Task requirements - From top to bottom, return the listing exactly as it appears, omitting its images.

[[ Supplied information open ]]

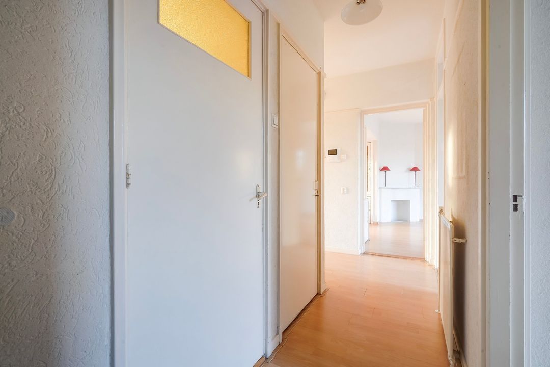 Apartment entrance, L-shaped hallway with access to all rooms, the meter cupboard and a separate toilet with a hand basin. Fully tiled bathroom with a shower, sink, mirror cabinet and washing machine connection.
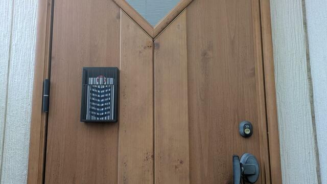実際に玄関ドアに付けてみると、ただ虫よけプレートをさげているよりも断然かっこいい!
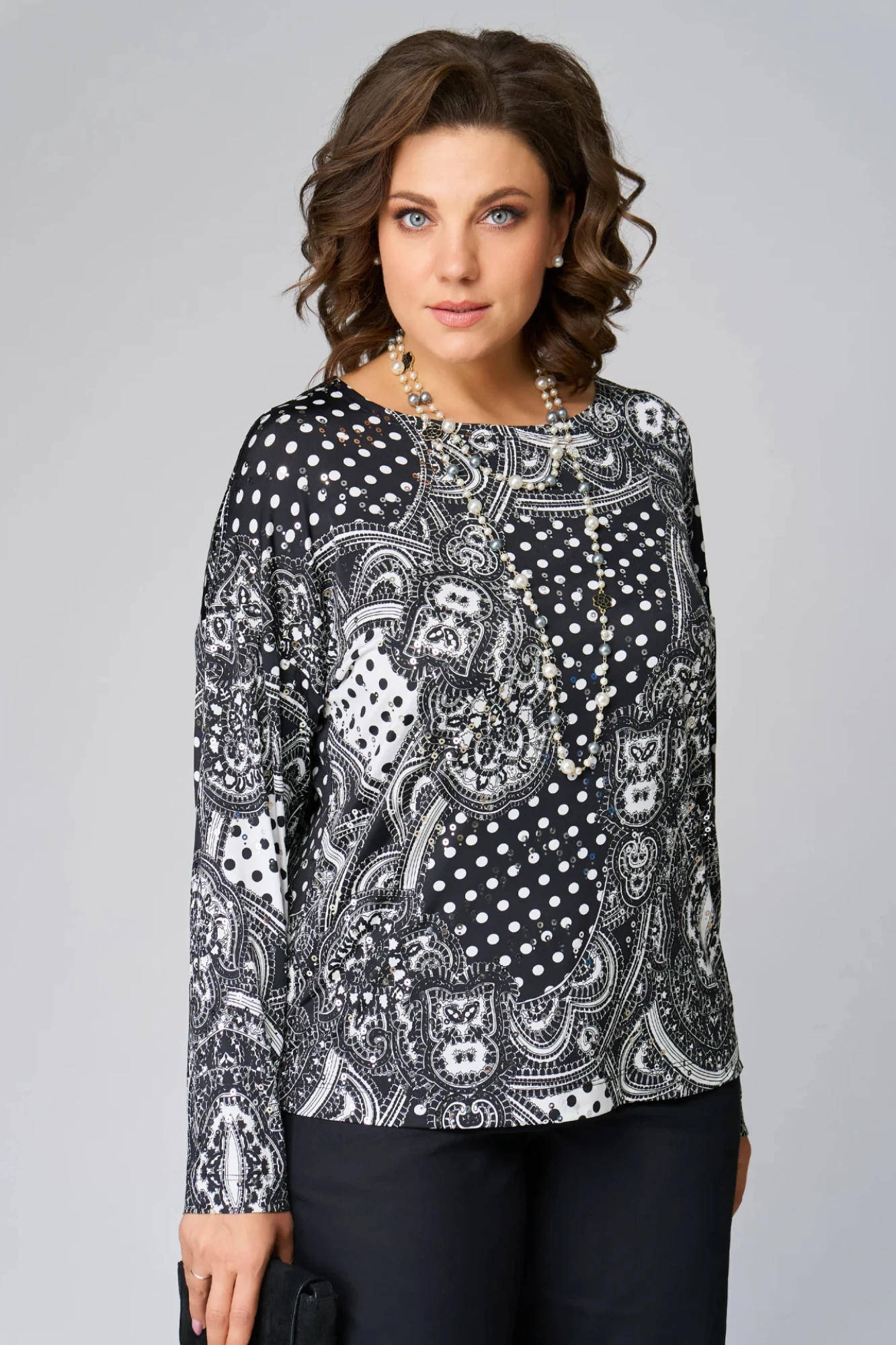 Джемпер (кофта) Bliss 8169 черный/белый/пайетки/принт

[[ Supplied information closed ]]

Exercise response -
 Apartment entrance, L-shaped hallway with access to all rooms, the meter cupboard and a separate toilet with a hand basin. Fully tiled bathroom with a shower, sink, mirror cabinet and washing machine connection.
実際に玄関ドアに付けてみると、ただ虫よけプレートをさげているよりも断然かっこいい!
 Джемпер (кофта) Bliss 8169 черный/белый/пайетки/принт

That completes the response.